I have recommended an appropriation of $188,042,969 for aviation, for which purpose $56,000,000 has already been provided since the declaration of war. For Ordnance purposes the recommendations total $135,884,188.50. For this purpose there has been provided, including fifteen and one-half millions in the pending urgent deficiency bill and including the appropriations in the Act of March 4, 1917, $409,862,243.50, besides an authorization in the pending urgent deficiency bill to incur obligations in excess of appropriations to the extent of $34,264,000. The remaining sum convers the operation of the Naval Establishment, afloat and ashore, including all expenses incident to personnel and further generous provision for public works.
The enormity of naval credits, made and pending, since war became eminent, and I will not go back of March 4, 1917, may be better realized by stating that they total $3,023,693, 155. 49 as compared with the total $3,023,693, 155.49 as compared with the total expenditures of the Navy from 1794 to 1916, inclusive (122 years), which amount to $3,367,160,591.77.

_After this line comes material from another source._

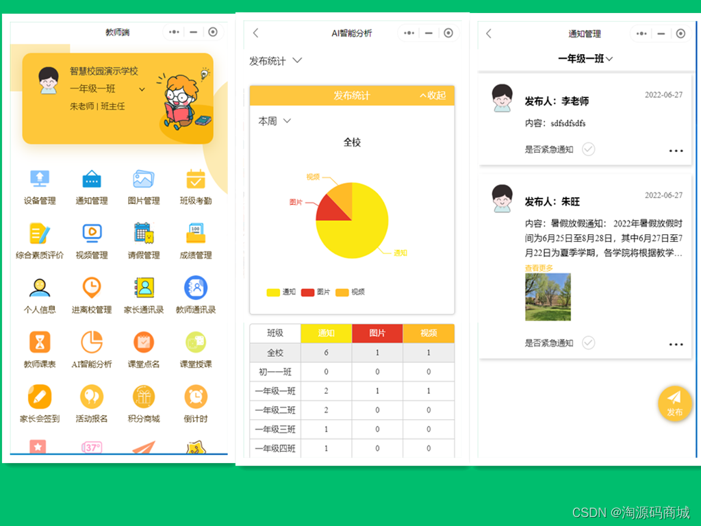 支持管理员/班主任/任课老师等角色在后台管理平台和小程序发布通知,通知内容包含:文字、图片,文件,网页链接;支持自定义配置发送班牌和家长端小程序。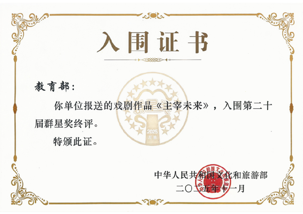 近日,第二十届全国群众文艺领域政府最高奖“群星奖”评选结果正式揭晓。重庆育才中学师生原创的校园剧《主宰未来》,作为教育部选送的戏剧类唯一基础教育阶段作品成功入围终评。这一突破性成绩,不仅是重庆育才中学美育深耕多年的亮眼成果,更标志着重庆市基础教育阶段美育工作在国家级平台实现关键突破,为全市学校美育高质量发展注入强劲动能。

I have recommended a further increase in the enlisted strength of the Navy for the period of the war to 180,000 men, exclusive of apprentice seamen, men under training in tradeschools and men for aviation, and a further increase in the Marine Corps to 50,000 men. The Navy and Marine Corps, which a year ago had a total enlisted strength of about 67,000, now constitute, without the increase I have recently recommended, a force of more that a quarter of a million men. This, ofcourse, includes naval reserves, hospital corpsmen, national naval volunteers, the naval militia and the coast guard, which is a part of the Navy for the war.

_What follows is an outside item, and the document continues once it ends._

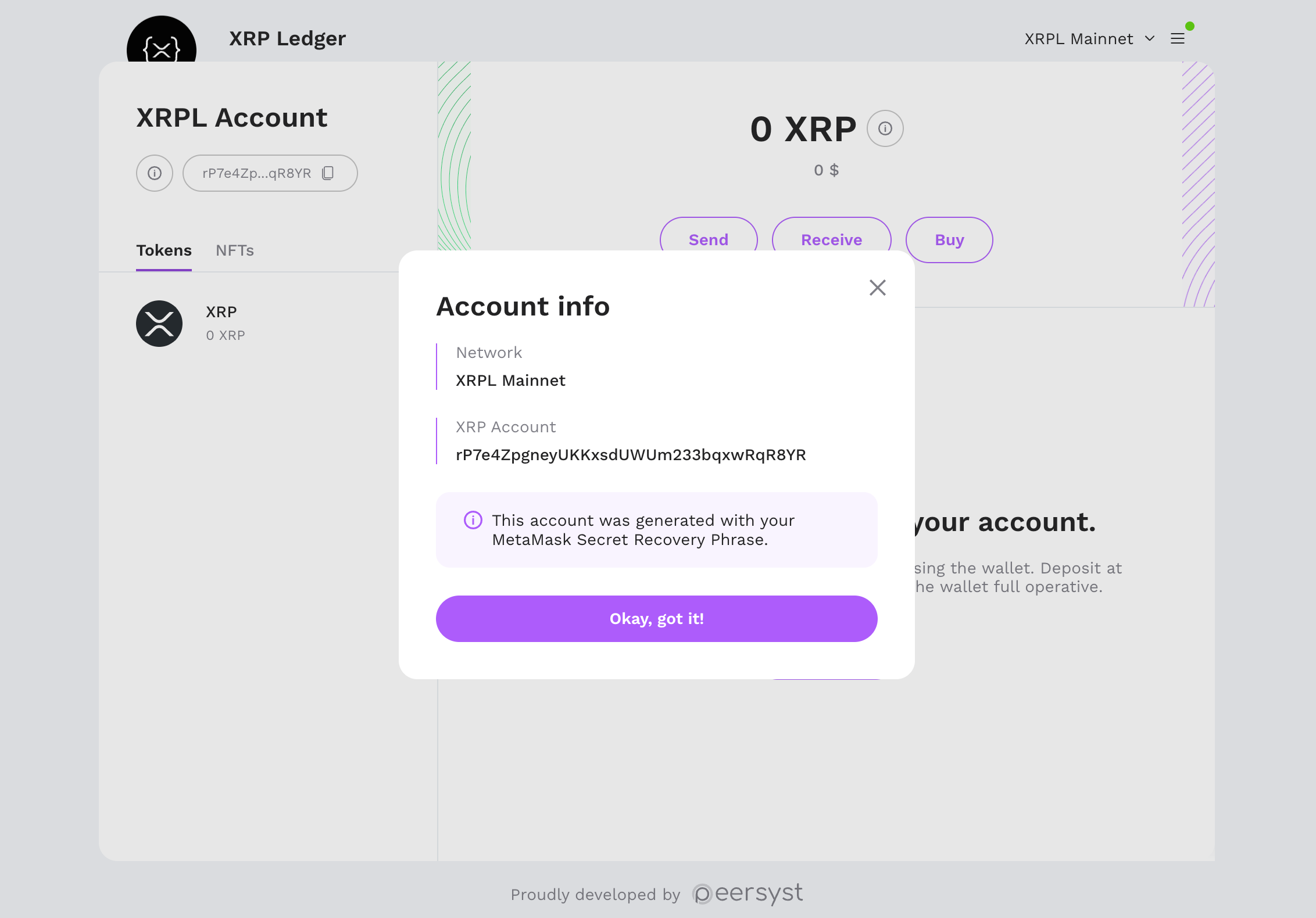 **Important:** Never share your mnemonic phrase or private keys with anyone. Neither the Peersyst team nor the MetaMask team will ever ask for your secrets. Always keep your keys secure and private.&#x20;

Much credit for what has been accomplished is due Congress. It has voted liberal appropriations and passed much needed and helpful legislation.

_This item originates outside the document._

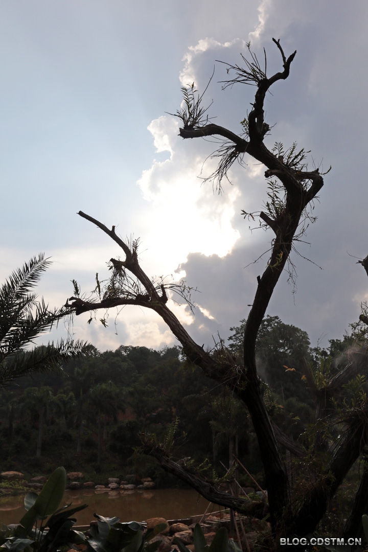 2015年9月18日17点27分摄于南宁市青秀山兰园。当时,一团积雨云冲天而起,一株种有石斛的板栗树插入云中,似是在云端起舞。

These are not the times to procrastinate. We are going ahead as rapidly as possible in all the many branches of the work without hindrance by a lack of funds or legal restraints of particular consequence. In conclusion, permit me to repeat the closing paragraph of my last report,4 to wit: “Much remains to be done, but it will be done cheerfully, gladly, efficiently. The plans have been made on a scale commensurate with the task. They will be carried out with speed, with confidence, and with ultimate success.”
I am enclosing a copy of my testimony before the House Committee on Naval Affairs.|5|
With very kind regards,
Dr. Albert Shaw,
Review of Reviews,
New York, N. Y.
P. S. Since the above was dictated the House Committee has authorized appropriations to build cruisers and dreadnaughts and their work will be undertaken as soon as possible.
Source Note: LTS, DNA, RG 45, Entry 520, Box 678.
Footnote 1: This letter has not been located.
Footnote 2: Under the provisions of the 1918 Naval Program, Congress appropriated one billion dollars for the Navy Department’s fiscal budget. Such an increase allowed for the increase in naval personnel from 19,500 to 322,000 and the naval reserves from a few hundred to 49,000. Congress also appropriated funds for the building of three battleships, one battle cruiser, three scout cruisers, fifteen destroyers, one submarine tender, and one destroyer tender. The completion of these ships would fulfill the completion of a three-year program of construction that would provide the United States with a much more modern fleet that would be one of the largest in the world; https://www.globalsecurity.org/military/systems/ship/scn-1913-wilson.htm, accessed 3 March 2018.
Footnote 3: Woodrow Wilson.
Footnote 4: This report has not been subsequently located.
Footnote 5: This enclosure is no longer appended to this document.